I like this book because it is full of action and adventure. Never a dull moment. I really enjoy Changa as a character. Sure, he's a hero but he's also a merchant who is driven by the prospect of making a profit. I dig the art within the book. I wish more fantasy novels added art inside, so I'm really glad this title did. I recommend this book to anyone who enjoys fast-paced epics.
Changa's Safari takes the style of Robert E. Howard's historical and sword and sorcery adventures and applies it to a totally unique band of characters. There's Changa, the Bakongo Sindbad-type leader, exiled from his native land and hunted by demons hot on his trail, unleashed by a vengeful shaman, the beautiful but strong willed sorceress who has spurned the ruler of Great Zimbabwe, The Tuareg, a veiled Muslim warrior vowed to silence who does all the talking he needs to with his swords, the eager prince Zakee, and weathered sailor Mikaili.

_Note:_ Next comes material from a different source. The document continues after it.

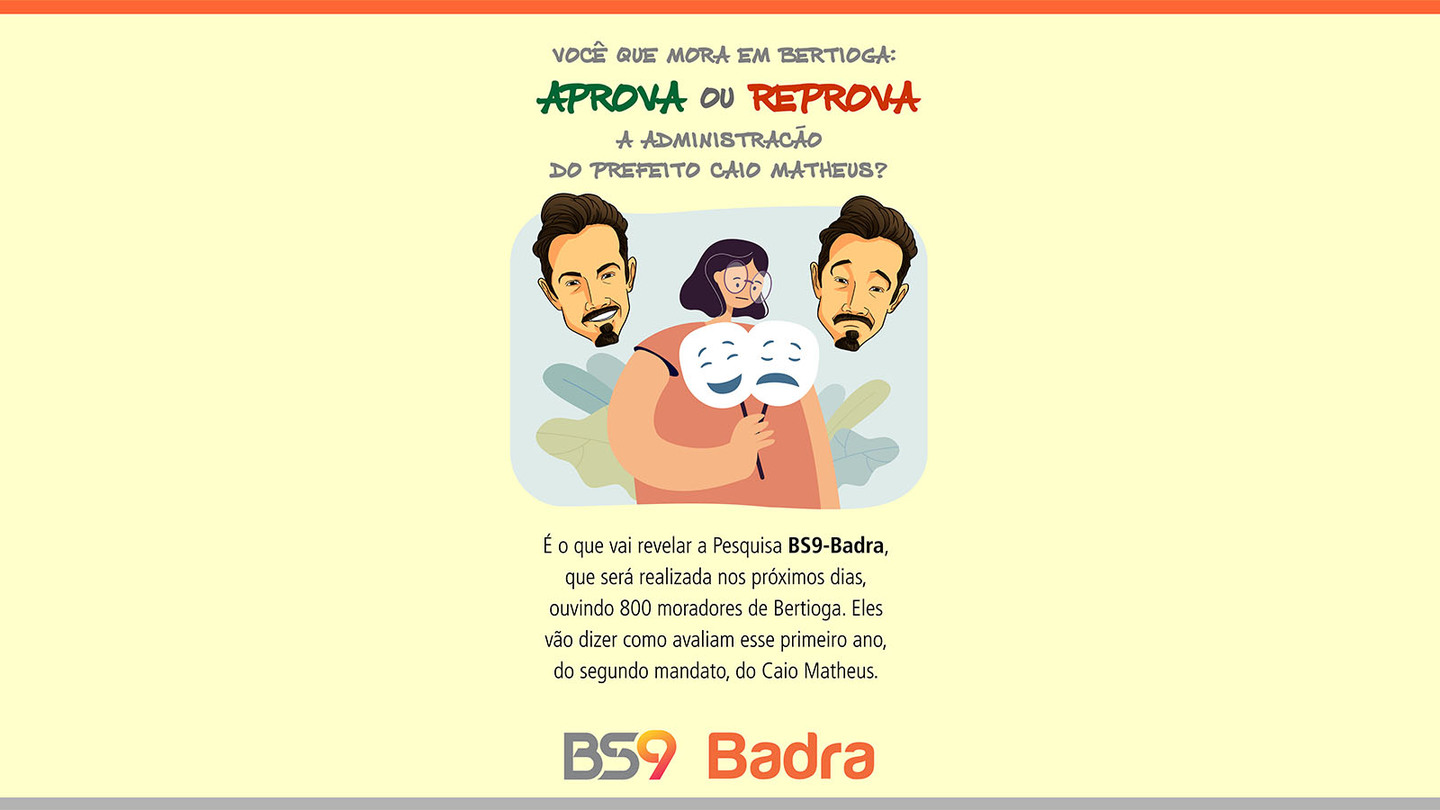 O levantamento da Badra será realizado entre os dias 27 de janeiro e 5 de fevereiro e vai ouvir, em cada município, 800 moradores, totalizando 13.600 entrevistados. Diariamente, a partir do dia 1 de fevereiro, será divulgado o resultado do levantamento cidade por cidade, começando pelos municípios da Baixada Santista. Acesse o Portal BS9 e confira.

The book is presented as a collection of novellas chronicling the adventures of Changa and his companions as they command a fleet of trading dhows. Like the Arabian Nights, each new exploit spawns more adventures, culminating in what I personally felt was the most compelling episode, an excursion into China with real-life voyager Zheng He. In the last episode Changa must rescue the young emperor of China from a force of Mongols massing beyond the Great Wall.
Changa's Safari doesn't waste any time with an expository origin, but plunges the reader right into the middle of the action just as Howard's Conan books did, leaving it to the reader to piece together the various characters' histories from tidbits that come to light as the book progresses. At times this is a little frustrating as it reads like you missed an installment, but for the most part it plays out fine. The writing is tight and well paced, the dialogue punchy, and the action imaginative and exciting. I love learning as I'm reading and Changa's Safari taught me a great deal about African and Chinese folklore, yet the lessons didn't detract from or interrupt the flow of the story.... It simply enhanced the telling, bolstering the reader's belief in the fictional world, as all good research should. There was even a handy glossary of non-English terms included in the back, though there were a couple ommissions I would've liked to have seen in there ( I didn't know what an orinka was for instance, though it became readily apparent in the course of the story).
I always wondered why you don't typically see non-white adventurers of the Conan or Tarzan mold pop up in modern pulp fiction. Now I don't have to any more. Mr. Davis has created a band of worthy companions and made me a fan of sword and soul.